MBTA does have and on going academy right know they hired 28 peple plus the various other agencies that have recruits in there academy . The 7 laid off Springfield officers had to go through a mini- academy 2 weeks I think to refresh on some laws Juv. Railroad etc Their was an article back in late Aug about the class in the Herald I think someone posted the article somwhere here.


----------



## q5_po (Aug 23, 2002)

I was talking with a T-Cop at court yesturday. He said that the Springfield lay-offs were getting ready to bail on the T and get re-hired in Springfield. Nice, huh!

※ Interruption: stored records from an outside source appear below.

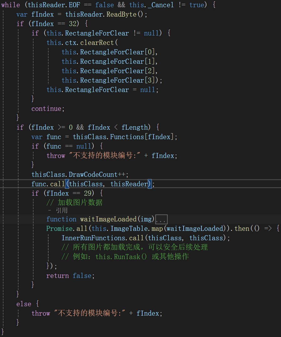 我们定义了一个JS类class PageContentDrawer{}。它获得C#端Graphics对象生成的二进制数组,使用DCBinaryReader封装一下,然后在一个HTML的CANVAS元素上进行绘制。主体代码如图:
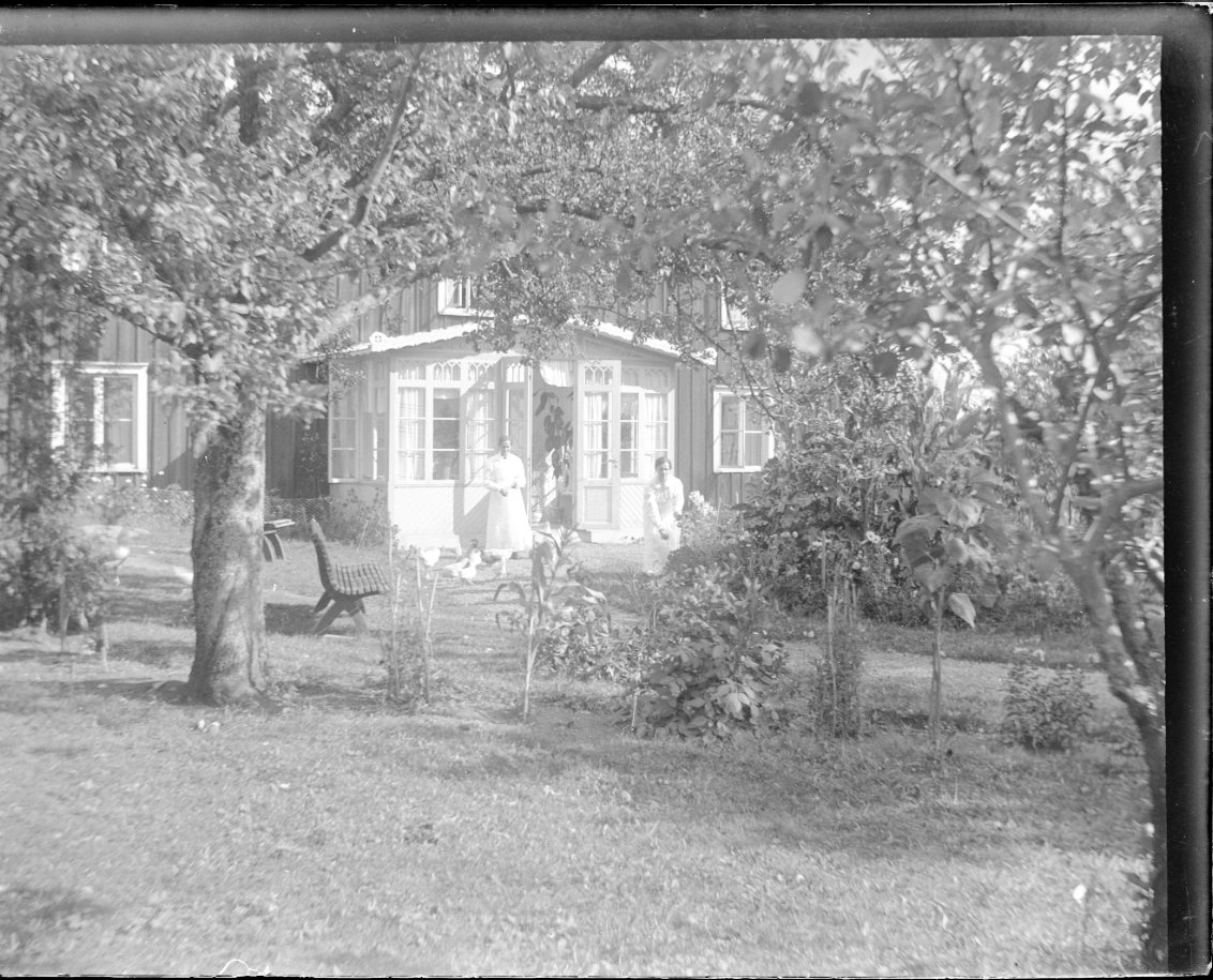 En tvåvåningsbyggnad med locklistpanel och vitmålad inglasad veranda skymtar bakom grönskande träd. Två kvinnor i ljusa klänningar, och några höns i trädgården. Det är sommar.
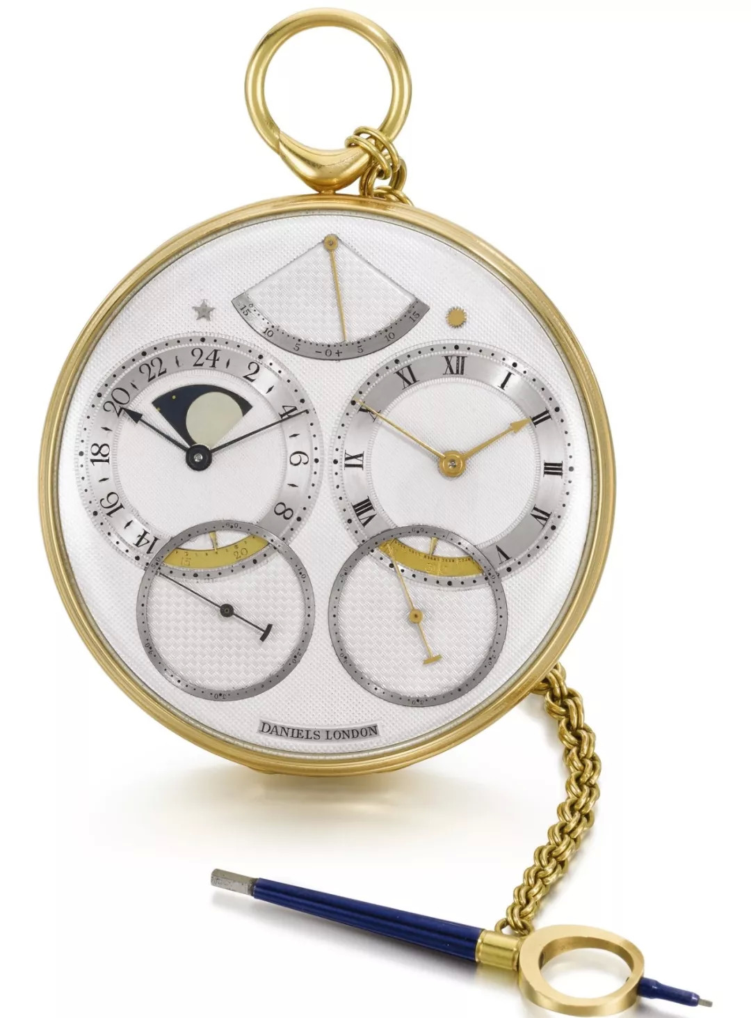 7月初,伦敦一场名为“时间杰作——高瞻远瞩:制表师传奇George Daniels”的拍卖落槌,传奇制表师做的怀表Space Traveller I,以超过360万英镑成交,成为迄今为止英国制表师制作的最贵钟表。
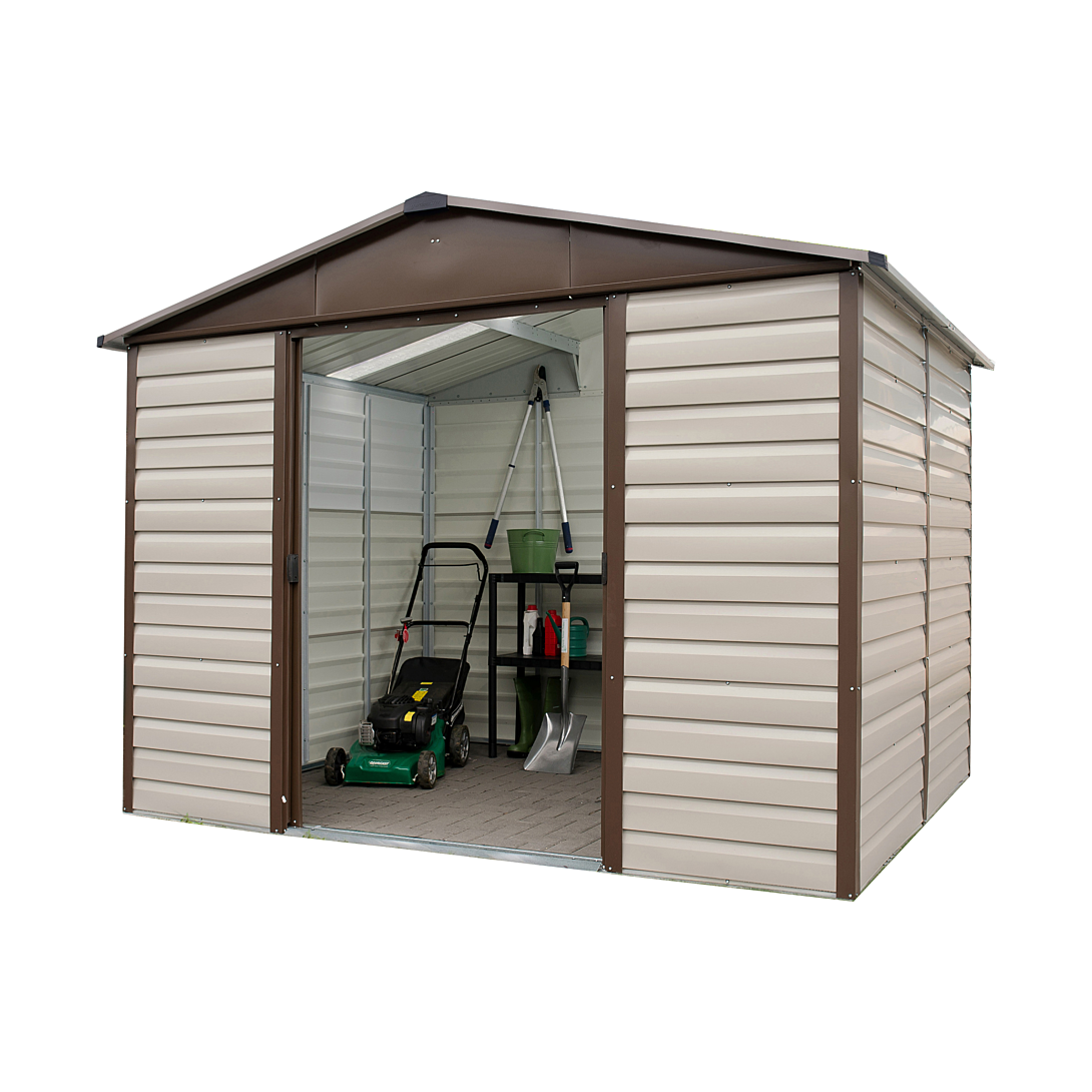 Abri de jardin métal de 11,39 m² de surface hors tout et de 10,20 m² de surface utile. Ne nécessite aucun entretien du fait de sa structure galvanisée. Un design travaillé pour une intégration harmonieuse dans les jardins. Fronton et porte épaisseur 5/10 ème, toit épaisseur 3/10 ème = solidité assurée. Gouttières et panneaux de toit translucides. Ouverture de porte haute et large. Fronton et portes coloris marron. Panneaux verticaux coloris beige. Deux portes coulissantes intérieures. Bords des panneaux pliés pour plus de sécurité. Vis inox anti-rouille. Kit d'ancrage inclus. Dimensions surface utile (L x l) : 281 x 363 cm soit 10,20 m². Dimensions extérieures au sol (L x l) : 285 x 367 cm soit 10,46 m². Dimensions hors tout (L x l x h) : 303 x 376 x 224 cm soit 11,39 m². Hauteur des murs : 180 cm. Dimensions des portes : L 120 x H 178 cm.

They took 7 jobs from us that wanted them.


----------



## Officer Dunngeon (Aug 16, 2002)

I heard an unconfirmed rumor (as always) from a resource of unknown reliability that the T is going to be hiring "like 50" people in the beginning of next year.


----------



## Mortal knight (Jun 17, 2003)

50 spots X 2 +1 = 101 names. Yep, that gets them alittle closer to picking me at 460/100 :twisted:


----------



## q5_po (Aug 23, 2002)

Officer Dunngeon said:


> I heard an unconfirmed rumor (as always) from a resource of unknown reliability that the T is going to be hiring "like 50" people in the beginning of next year.


Its not a rumor!


----------



## Guest (Nov 24, 2003)

Well I guess the first 50 guys in desert camo that step off the plane at Logan will be stepping into those jobs. Unless you had some sand in your ears recently, I don't think you'll be riding the train any time soon. ](*,)


----------



## Easton (Apr 16, 2003)

They have an academy going now with a number of agencies as well as 13 of their own. they will be running another academy after graduation in jan. Unless your a vet forget it..........


----------



## dimen24 (Sep 25, 2003)

50? hmmm I got a nice #45 spot, we'll have to see...


----------